- EXERCISE DESCRIPTION -
Look through the material below. Return exactly the lines from the one with "Старейший читатель библиотеки-филиала" through the one with "Stuart Weitzman Women's", both included.

EXTRACTED RECORDS below:

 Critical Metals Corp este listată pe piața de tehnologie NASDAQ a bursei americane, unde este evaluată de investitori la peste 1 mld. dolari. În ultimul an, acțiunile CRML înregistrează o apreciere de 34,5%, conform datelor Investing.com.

End of EXTRACTED RECORDS.
EXTRACTED RECORDS below:

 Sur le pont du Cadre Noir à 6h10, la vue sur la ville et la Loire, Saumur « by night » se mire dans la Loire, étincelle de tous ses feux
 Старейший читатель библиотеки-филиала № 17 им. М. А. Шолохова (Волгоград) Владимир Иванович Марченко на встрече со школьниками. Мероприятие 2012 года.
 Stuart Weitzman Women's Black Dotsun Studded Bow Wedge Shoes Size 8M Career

End of EXTRACTED RECORDS.

- EXERCISE RESPONSE -
 Старейший читатель библиотеки-филиала № 17 им. М. А. Шолохова (Волгоград) Владимир Иванович Марченко на встрече со школьниками. Мероприятие 2012 года.
 Stuart Weitzman Women's Black Dotsun Studded Bow Wedge Shoes Size 8M Career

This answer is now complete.